▸ **Data section**:
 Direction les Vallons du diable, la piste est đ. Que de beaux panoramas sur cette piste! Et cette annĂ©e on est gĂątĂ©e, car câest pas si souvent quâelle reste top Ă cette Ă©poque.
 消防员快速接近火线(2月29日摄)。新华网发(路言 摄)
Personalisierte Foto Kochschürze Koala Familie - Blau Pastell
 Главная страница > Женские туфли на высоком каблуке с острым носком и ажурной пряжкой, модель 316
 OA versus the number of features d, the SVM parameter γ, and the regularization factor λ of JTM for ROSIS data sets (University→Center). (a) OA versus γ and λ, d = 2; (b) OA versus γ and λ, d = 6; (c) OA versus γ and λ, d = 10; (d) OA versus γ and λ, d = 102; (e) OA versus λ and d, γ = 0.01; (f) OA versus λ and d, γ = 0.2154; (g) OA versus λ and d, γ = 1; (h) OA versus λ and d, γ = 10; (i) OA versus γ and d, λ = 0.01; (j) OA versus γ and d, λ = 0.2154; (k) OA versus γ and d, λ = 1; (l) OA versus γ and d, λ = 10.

...

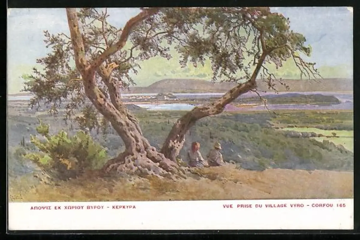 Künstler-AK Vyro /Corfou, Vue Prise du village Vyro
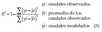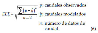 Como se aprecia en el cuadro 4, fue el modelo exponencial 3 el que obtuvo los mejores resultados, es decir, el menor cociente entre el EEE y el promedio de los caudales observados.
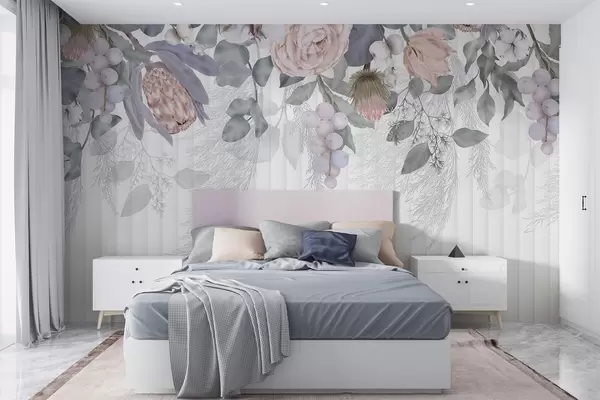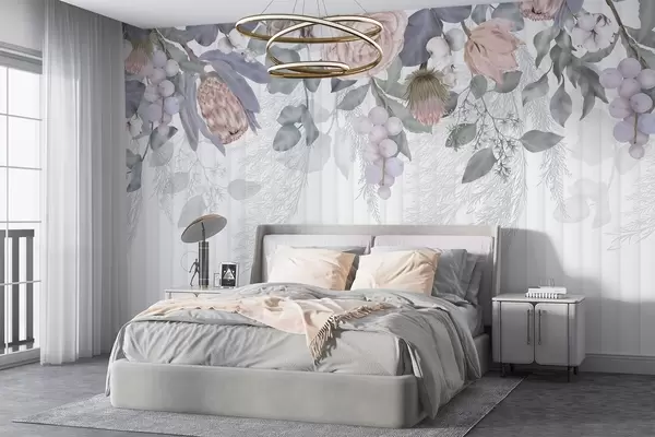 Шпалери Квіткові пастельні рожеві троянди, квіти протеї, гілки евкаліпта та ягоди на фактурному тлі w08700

▸ **Task to carry out**: Restate word for word the entries above from the line with "Direction les Vallons" through the line with "OA versus the", inclusive, leaving out everything else.

▸ **Answer to this exercise**:
 Direction les Vallons du diable, la piste est đ. Que de beaux panoramas sur cette piste! Et cette annĂ©e on est gĂątĂ©e, car câest pas si souvent quâelle reste top Ă cette Ă©poque.
 消防员快速接近火线(2月29日摄)。新华网发(路言 摄)
Personalisierte Foto Kochschürze Koala Familie - Blau Pastell
 Главная страница > Женские туфли на высоком каблуке с острым носком и ажурной пряжкой, модель 316
 OA versus the number of features d, the SVM parameter γ, and the regularization factor λ of JTM for ROSIS data sets (University→Center). (a) OA versus γ and λ, d = 2; (b) OA versus γ and λ, d = 6; (c) OA versus γ and λ, d = 10; (d) OA versus γ and λ, d = 102; (e) OA versus λ and d, γ = 0.01; (f) OA versus λ and d, γ = 0.2154; (g) OA versus λ and d, γ = 1; (h) OA versus λ and d, γ = 10; (i) OA versus γ and d, λ = 0.01; (j) OA versus γ and d, λ = 0.2154; (k) OA versus γ and d, λ = 1; (l) OA versus γ and d, λ = 10.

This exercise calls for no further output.